Activity
Retype every line from the start of the data down to and including the line with "Весенний блейзер из". Skip the pictures.

Stored items:
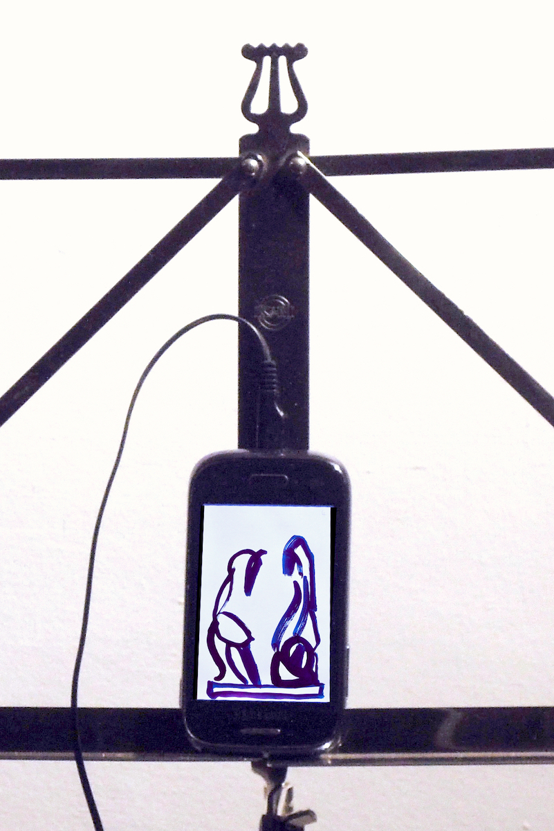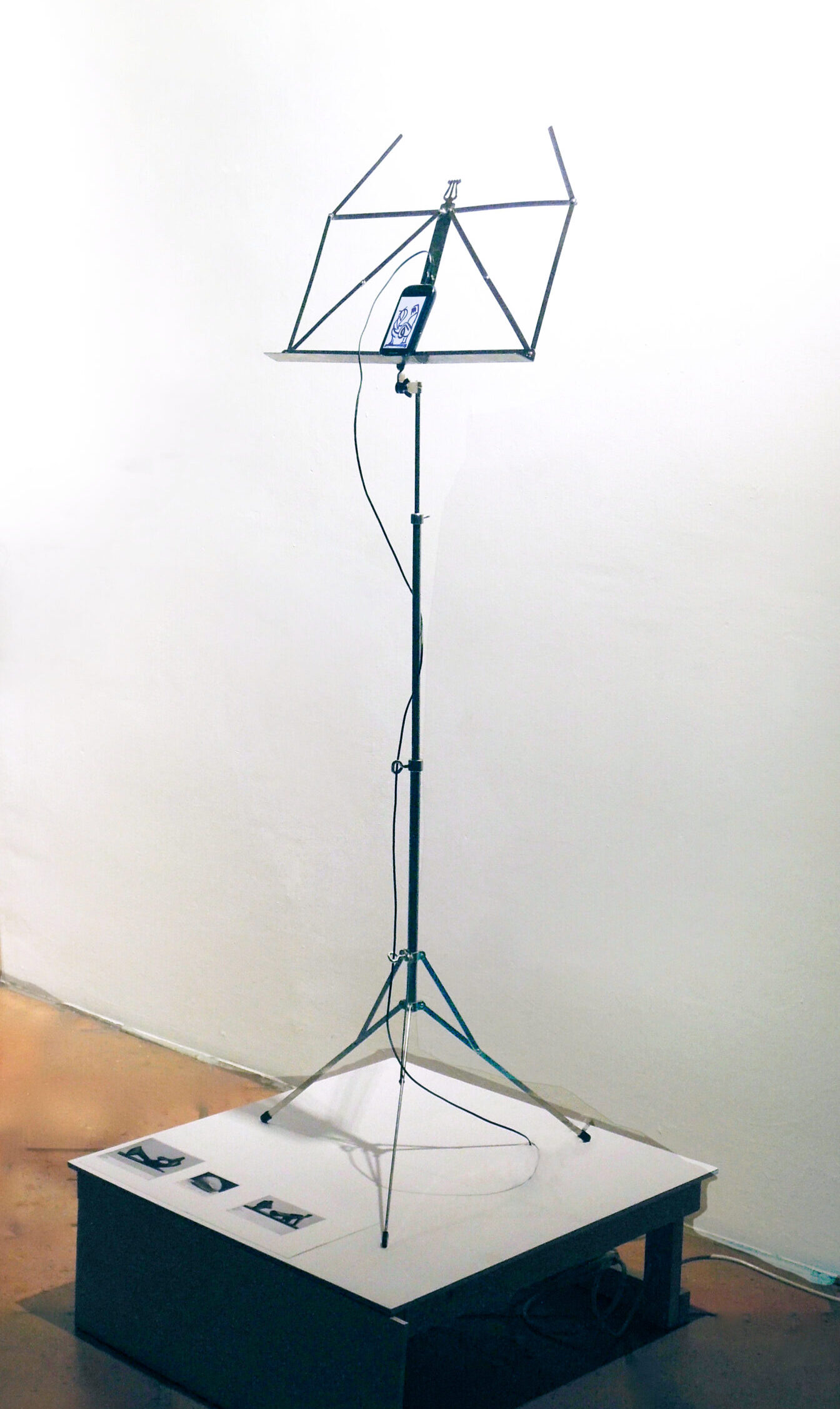 Installation with animated films on a smartphone, music stand, pedestal with images of the original sculptures
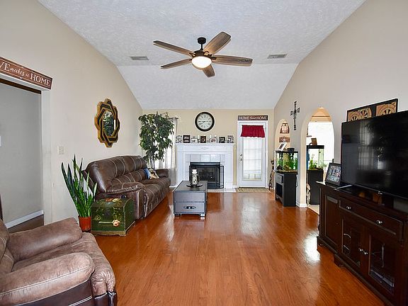Vinyl siding home with attached garage. Nice private backyard with wood privacy fence and landscaping. Eat in kitchen, hardwood floors, fireplace.
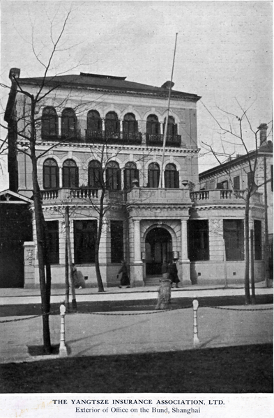 Caption on support : The Yangtsze Insurance Association, Ltd. Exterior of office on the Bund, Shanghai
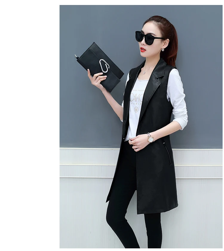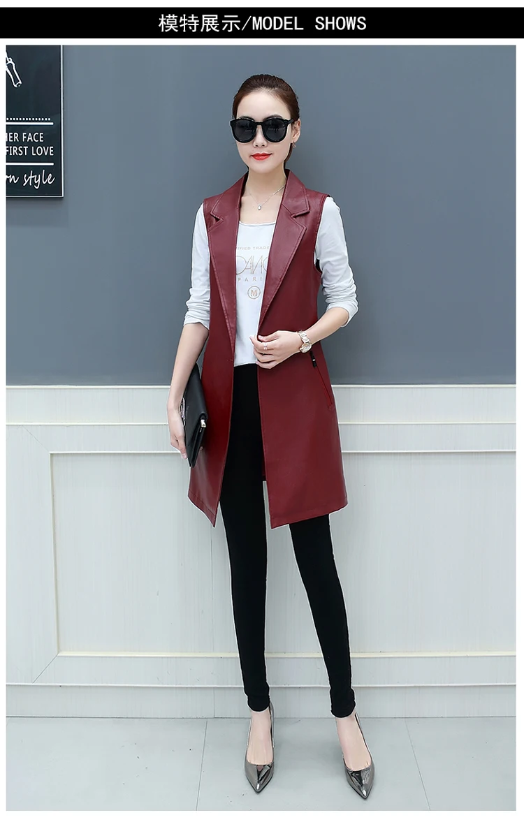 Весенний блейзер из искусственной кожи, жилет, женский длинный Приталенный жилет размера плюс 3XL, куртка без рукавов из искусственной кожи, костюм, жилет, женский элегантный DV512
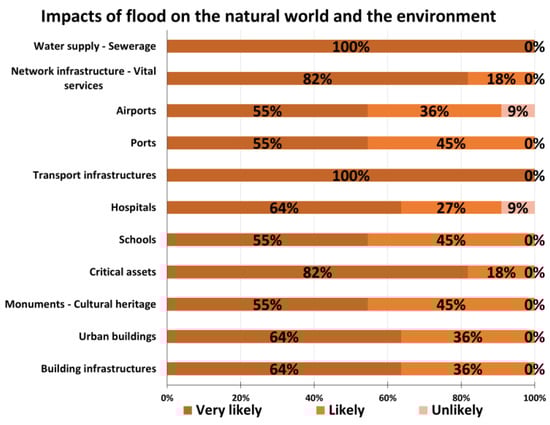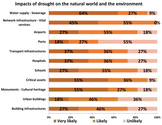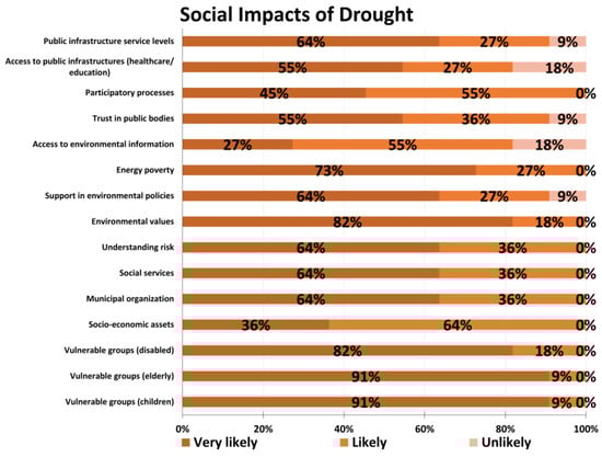 Figure 14), revealing concerns encompassing infrastructure, societal values, and the well-being of vulnerable groups. Starting with public infrastructure service levels, a significant majority perceive floods to have a high likelihood of impact while, on the other hand, they view the impact of drought as slightly less imminent. Access to public infrastructure, such as roads and bridges, appears to be a significant concern in the event of floods, with a majority believing it to be very likely to be impacted, compared to droughts, emphasising the physical damage floods can inflict on such structures. Participatory processes and trust in public bodies are equally considered susceptible to both hazards, albeit with a higher anticipation of impact from floods.

Your response
 Installation with animated films on a smartphone, music stand, pedestal with images of the original sculptures
Vinyl siding home with attached garage. Nice private backyard with wood privacy fence and landscaping. Eat in kitchen, hardwood floors, fireplace.
 Caption on support : The Yangtsze Insurance Association, Ltd. Exterior of office on the Bund, Shanghai
 Весенний блейзер из искусственной кожи, жилет, женский длинный Приталенный жилет размера плюс 3XL, куртка без рукавов из искусственной кожи, костюм, жилет, женский элегантный DV512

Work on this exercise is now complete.